By Jesse Sanes
In a blog post on the website of Californians for Population Stabilization (CAPS), environmentalist Dave Foreman got a great deal of praise for his recent book Man Swarm and his message of overpopulation reeking havoc on the world’s ecological systems. he author of the article, Leon Kolankiewicz, is a familiar face from anti-immigrant circles. He is both on Tanton-network front group Progressives for Immigration Reform’s advisory team and is an advisory board member of CAPS.
CAPS is California’s leading anti-immigrant organization and is listed on FAIR’s website as a state contact. CAPS, like FAIR, has received funding from the Pioneer Fund, a foundation that has a long history of promoting the genetic superiority of white, European-Americans through the study of eugenics. Kolankiewicz is also the co-creator of the Sprawl City website, writes for Center for Immigration Studies, and is a former member of Carrying Capacity Network. The Carrying Capacity Network’s president, Virginia Abernethy, is a self-described white separatist.
For Dave Foreman’s part, a long-time ecology activist, he is an Apply the Breaks leader, an organization that helped pioneer the current anti-immigrant co-optation of the environmental movement. He also founded The Rewilding Institute (TWI), which received funding from the Weeden Foundation so that TWI and Apply the Breaks could “work closely […] to get conservation groups and activists to endorse a position recognizing the role of population growth in harming biodiversity and causing climate change.”
Both Kolankiewicz and Foreman claim to focus on the census and population as an environmental issue, but the real agenda here is primarily concerned with U.S. population stabilization and immigration.

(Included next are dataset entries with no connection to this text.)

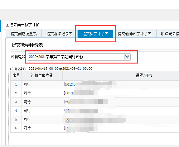 3.进入“主控界面”,再点击“教师应用”中的“教学评价”,选择“提交教学评价表”,评价轮次选择“2020-2021学年第二学期同行评教”,系统将显示出教师本学期需要进行评价课程的列表。如附件所示。
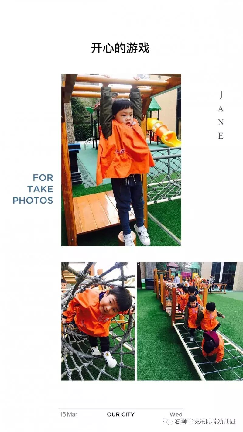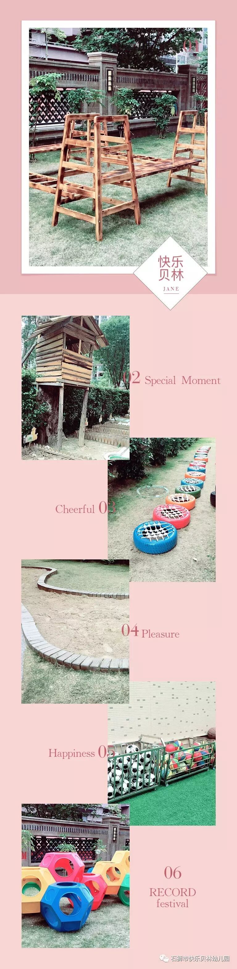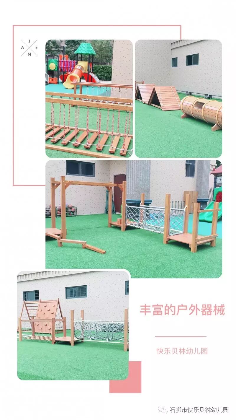 让孩子们在各种丰富的活动中身心得到全面协调的发展,体现了快乐贝林幼儿园健康第一的培养目标。同时,它给幼儿园的一日活动增添了新的活力与生机,使幼儿园日常活动呈现出勃勃生机。各式各样的户外玩具让孩子们在快乐的游戏中度过幸福的童年。
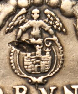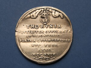 REWERS ma charakter opisowy i pełni funkcję swoistej kroniki wydarzeń. W siedmiu wierszach zapisano informację o oblężeniu miasta oraz jego skutecznej obronie „z Bożą pomocą” przez samych obywateli Torunia, z dokładnym wskazaniem daty – 16 lutego 1629 roku. Pod inskrypcją THORVNIA /HOSTILITER.OPPVGNATA/ ET.DEI O. AVXILIO/ FORTRA. CIVIB. DEFENSA/ XVI FEBR/ ANNO/ M.DC.XXIX (Toruń przez nieprzyjaciela oblężony, z Bożą pomocą dzielnie przez współobywateli obroniony dnia 16 lutego roku 1629) umieszczono dekoracyjną arabeskę.

The recent CAPS blog post highlights Dave Foreman’s experience as a champion conservationist and his belief that the number one driver of the loss of wildlife and the destruction of the wilderness is population growth. It cites “Seven Ecological Wounds” the environment has supposedly suffered as a result of population growth, something he incessantly links to immigration to the US. However, Foreman’s reasons for citing population are maligned, skewed by politics similar to Kolankiewicz’s staunchly anti-immigrant stance and that distract from real ecological solutions. Contained within Foreman and Kolankiewicz’s argument are 5 Wounds to Good Ecology. These are:
Fallacy – overpopulation is not a real global threat
Ignoring root causes of ecological degradation – by focusing on population and immigration as opposed to addressing the real social conditions that create environmental degradation important issues like civil rights, economic equality and environmental justice;
Upsetting and weakening ecological movements – industrial pollution, health burdens from toxics and the effects of global warming all fall disproportionately on immigrants, the poor and the global south. Alienating those groups from solutions to global warming only weakens the movement;
Spread of erroneous math – The I=PAT equation (Environmental Impact= Population*Affluence*Technology) completely ignores important complexities like political systems or social values and by dividing impact by person it predisposes population control policy even though population is just one factor among others like income bracket or nation or bio region that could have been chosen and given better implications about where to act;
Letting the real immigration culprits off the hook– Real damage to the fragile ecosystems at the border is caused by the militarization of immigration enforcement. 600 miles of border walls and barriers constructed by Homeland Security are having devastating effects on the local bioshpere.
Kolankiewicz may claim to focus arbitrarily on population growth, but his connections and leadership in anti-immigrant groups proves otherwise. Dave Foreman is coming close to running a similar path and compromising his reputation as a conservationist.
As a long time environmentalist, Foreman needs to reevaluate his strategy for ecological preservation: dwelling on overpopulation distracts from real policy changes that would save our planet, and blaming immigrants alienates the people who have the most to lose from environmental degradation.